Yemin olun ki Biz Lokman'a hikmet verdik. Çoğu âlimlere göre Lokman, hikmet sahibi, tıp ilmine ve gerçek hikmete malik biriydi. Ondan nakledilen bazı hikmetli sözler şunlardır: ”Namazda iken kalbini koru, yemek esnasında boğazına dikkat et. Başkasının evinde olunca gözünü kolla ve insanlar arasında iken diline sahip çık. İki şeyi hatırla, iki şeyi de unut. Hatırlaman gereken iki şey; Allah ve ölümdür.
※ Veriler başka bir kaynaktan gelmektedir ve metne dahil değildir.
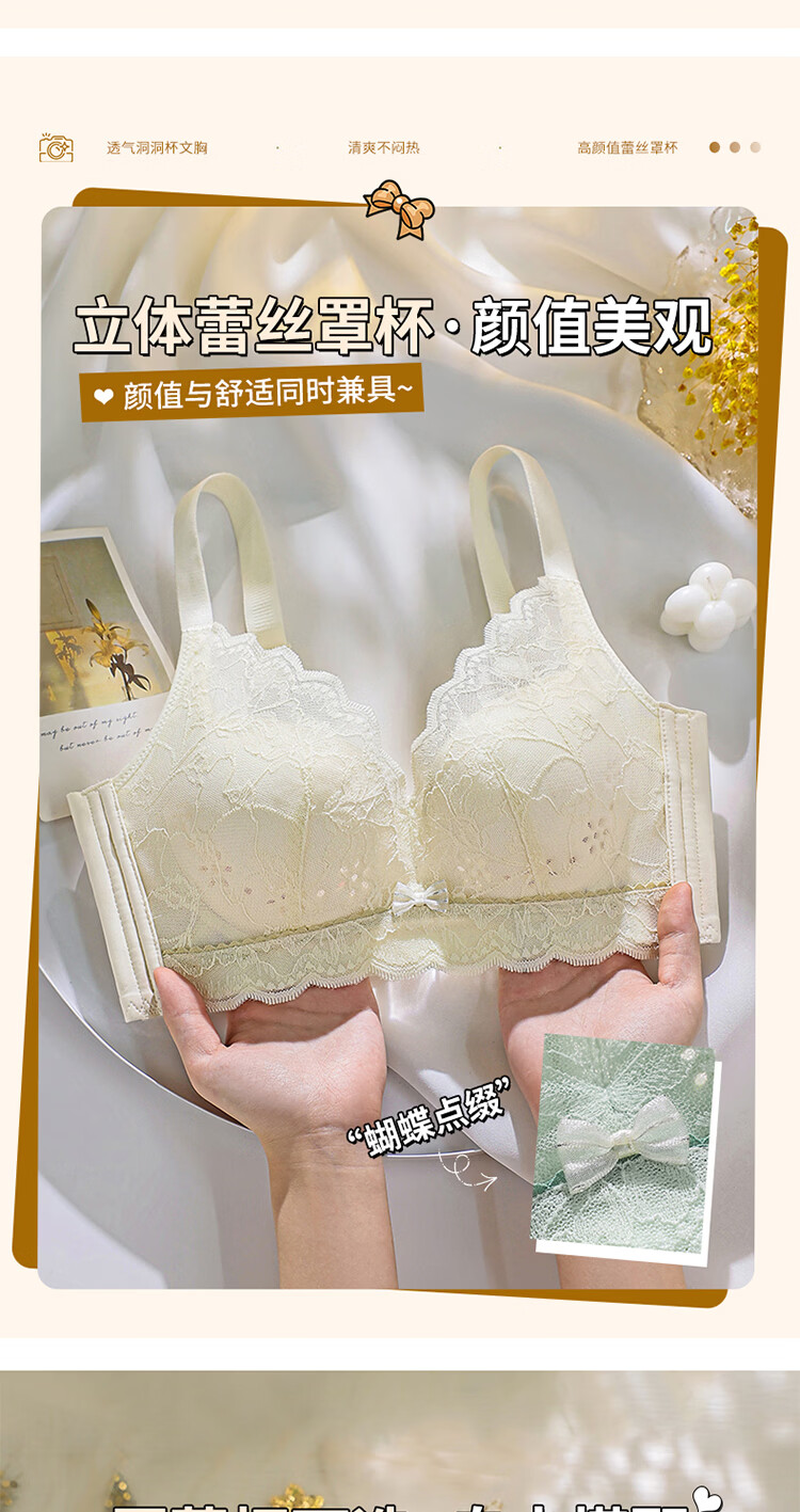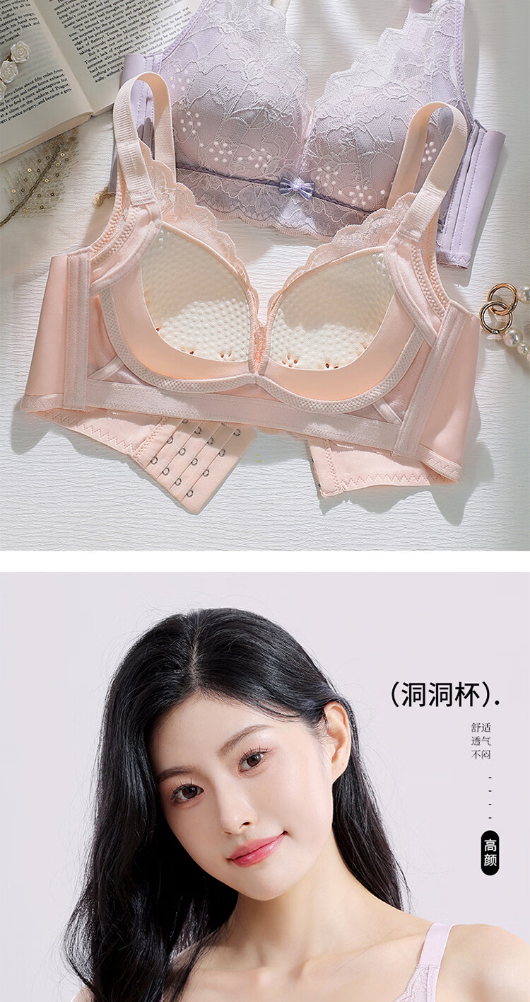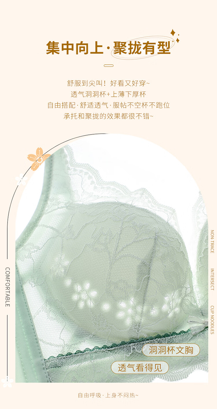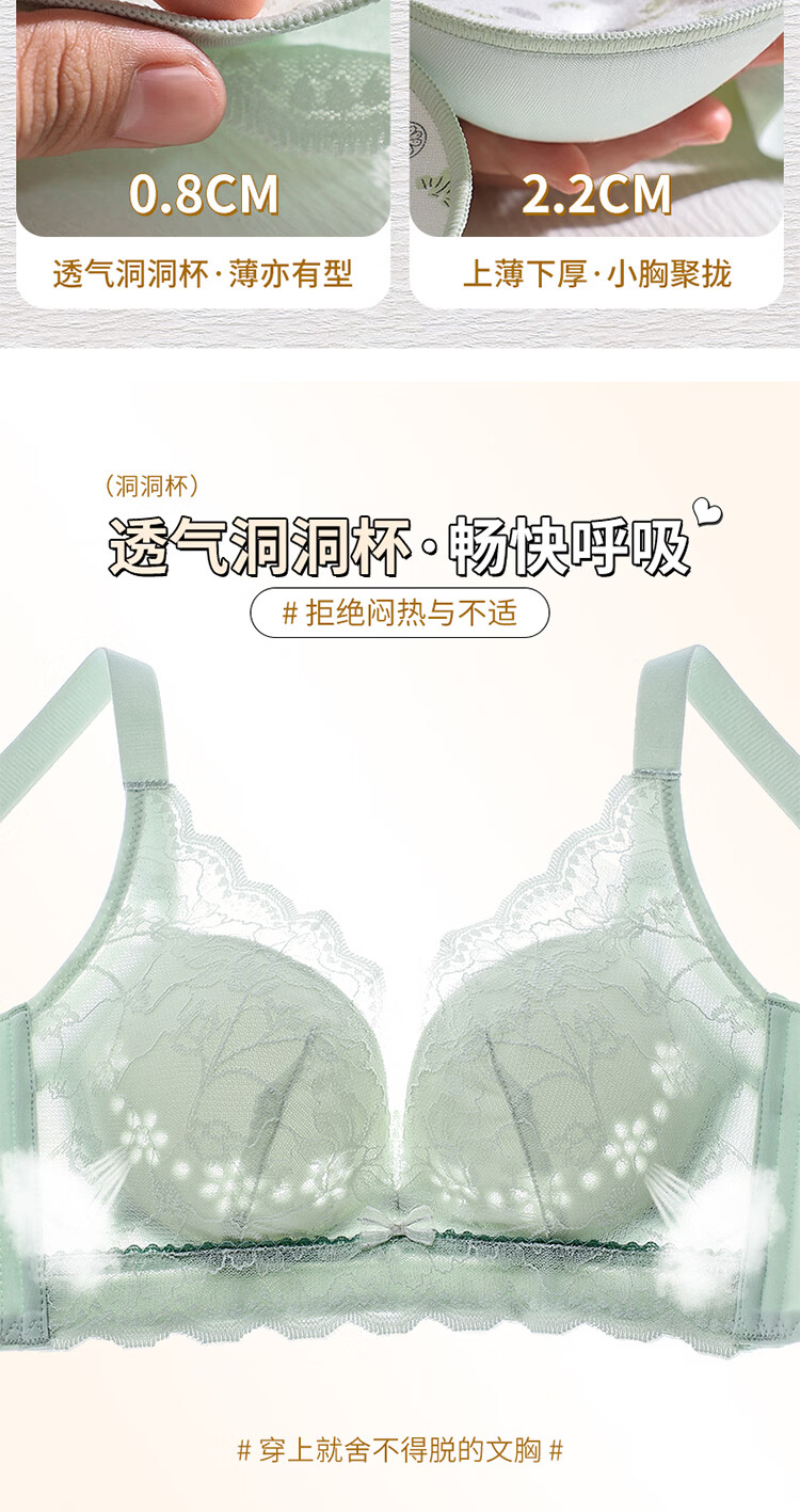 Urban Beauty Women's Underwear Women's Small Breast Gathering Top Support Anti-Sagging Breathable Hole Cup Wireless Lace Bra Elegant Black 70B AB Medium Thick Through Cup

Unutman gereken iki şey ise: başkasına iyilikte bulunman ve başkasının sana kötülük etmesidir."

Lokmanın teninin siyah olması, hikmet sahibi olduğunu, peygamber olmadığını kuvvetlendirmektedir. Çünkü Allahü teâlâ, ancak şekli güzel ve sesi hoş olan kimseyi peygamber göndermiştir.

Bazı âlimler şöyle demişlerdir: ”Lokman peygamber değildi. Fakat o, çok düşünen ve derinlemesine bilgisi olan bir kuldu. O, Allah'ı; Allah da onu sevmiş ve ona hikmeti lütfetmiştir. Hikmet; dille doğruya isabet, kalp ile fikrî isabet ve organlarla hareket isabetidir. Konuşunca hikmetli söz söyler; düşününce hikmetli düşünür ve hareket edince de hikmetle hareket eder."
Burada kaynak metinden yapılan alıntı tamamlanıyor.